Sewage is treated in sewage treatment plants (STPs) to make it less polluting before...

Microbes in Sewage Treatment
  • The municipal waste water, containing large quantities of human excreta is called Sewage.

  • Sewage also contains large amounts of organic matter and microbes. Many of them are pathogenic.

  • Sewage is treated in sewage treatment plants (STPs) to make it less polluting before releasing into river bodies.
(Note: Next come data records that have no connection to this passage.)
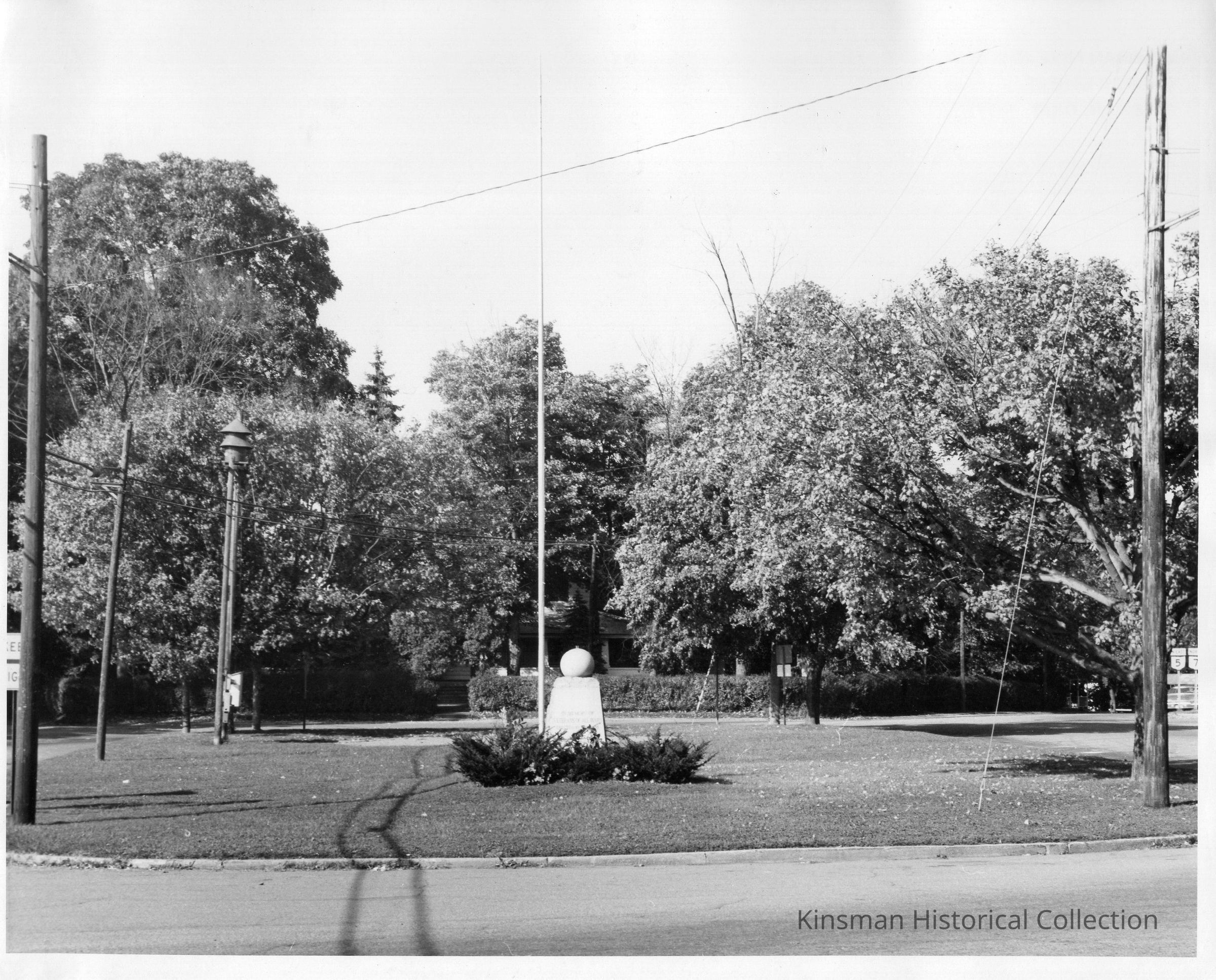 Kinsman Square without the bandstand but does include the Veteran's Memorial. Taken by Wilda Ball in October of 1974. (collapsed bandstand 2023.1.34).Cataloged By
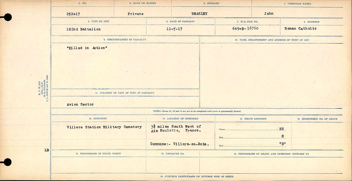 Villers-au-Bois is a village in the Department of the Pas-de-Calais, 11 kilometres north-west of Arras. The VILLERS STATION CEMETERY is about 2 kilometres north-west of the village.
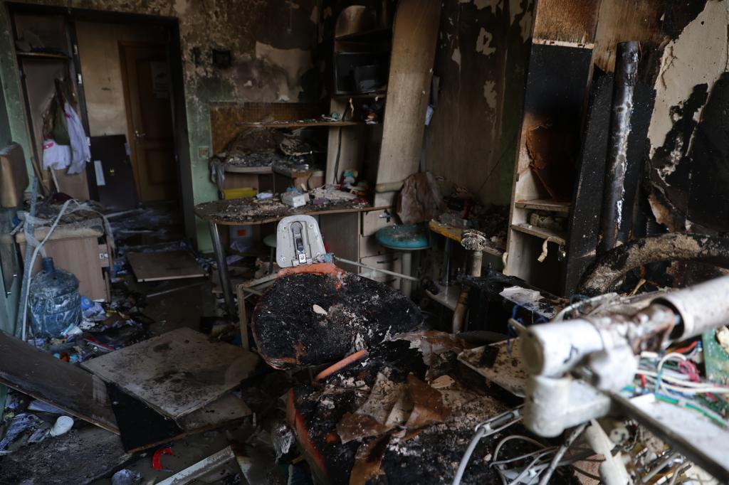 El gobernador public� im�genes en las que se ven consultorios m�dicos devastados por la onda expansiva de una explosi�n. Hay ventanas rotas, muebles destruidos y muchos escombros en el suelo. Fedorov tambi�n public� un video que muestra el exterior del edificio, su fachada de ladrillo da�ada y humo gris saliendo de una de las ventanas.
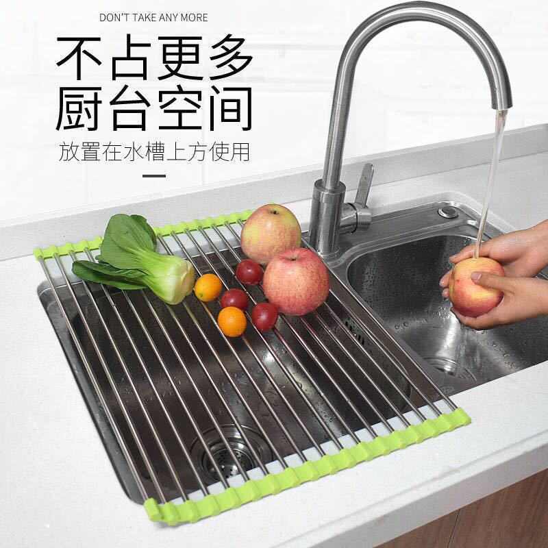 国境を越えたステンレス折り畳み水槽排水棚多機能シリカゲルロールスクリーン家庭用野菜水切りカーテン
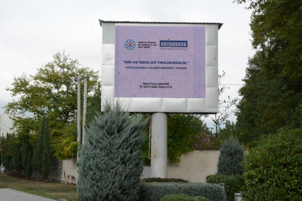 Oktyabrın 17-də İsmayıllı rayonunda Dini Qurumlarla İş üzrə Dövlət Komitəsi (DQİDK) və İsmayıllı Rayon İcra Hakimiyyətinin (RİH) birgə təşkilatçılığı ilə “Din və ideoloji təhlükəsizlik” mövzusunda tədbir keçirilib.
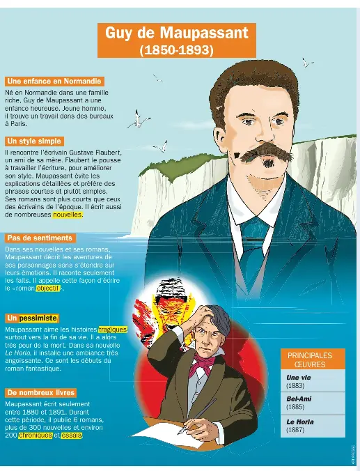 Donneurs de voix Projet collectif Durée –h –min Genre Contes Entre 10 et 10, Guy de Maupassant publia des contes et nouvelles dans les journaux Gil Blas et Le GauloisBon nombre de ces contes furent par la suite publiés dans différents recueils aux titres bien connus de tous Le Rosier de Madame Husson, Mademoiselle Fifi, Les Contes de la bécasse. En vue du Bac de Français, nous vous proposons ici une courte biographie de Guy de Maupassant (1850 13), l'auteur de Bel Ami, d'Une Vie, de Boule de Suif et du HorlaOn rattache Maupassant à deux courants littéraires importants du 19ème siècle le réalisme et le naturalisme, dont Émile Zola et Gustave Flaubert sont deux représentants majeurs. Retrouvez la nouvelle La Folle de Guy de Maupassant extraite du recueil Contes de La Bécasse en vidéo streaming, lecture audio, texte gratuit et images à télécharger.

I. Primary treatment or physical treatment
  1. This treatment basically involves physical removal of large and small particles from sewage through filtration and sedimentation.

  2. First, the floating debris is removed by sequential filtration by passing through wire mesh screens.

  3. Then, the grit (soil and small pebbles) are removed by sedimentation in settling tanks. The sediment is called primary sludge and the supernatant is the effluent.

  4. The effluent is taken for secondary treatment.



II. Secondary treatment or biological treatment
  1. Primary effluent is passed into large aeration tanks with constant mechanical agitation and air supply.

  2. Useful aerobic microbes grow rapidly and form flocs.

  3. Flocs are masses of bacteria associated with fungal filaments to form mesh-like structures.

  4. The growing microbes consume organic matter and thus reduce the biochemical oxygen demand (BOD).

  5. When BOD of sewage has reduced, the effluent is passed into settling tank.

  6. Here, the bacterial flocs settle, and the sediment is called activated sludge.

  7. A small part of the sludge is used as an inoculum in the aeration tank and the remaining part is passed into large tanks called anaerobic sludge digesters.

  8. In the digesters, other kinds of bacteria, which grows anaerobically, digest bacteria and fungi in sludge.

  9. During this digestion, bacteria produce mixture of gases such as methane, hydrogen sulphide and C02 which form the biogas.


Biological Oxygen Demand (BOD)
  1. BOD refers to the amount of oxygen that would be consumed if all the organic matter in one liter of water is oxidized by bacteria.

  2. BOD measures the amount of organic matter in water by measuring the rate of oxygen uptake by microbes.

  3. Higher BOD indicates higher polluting potential.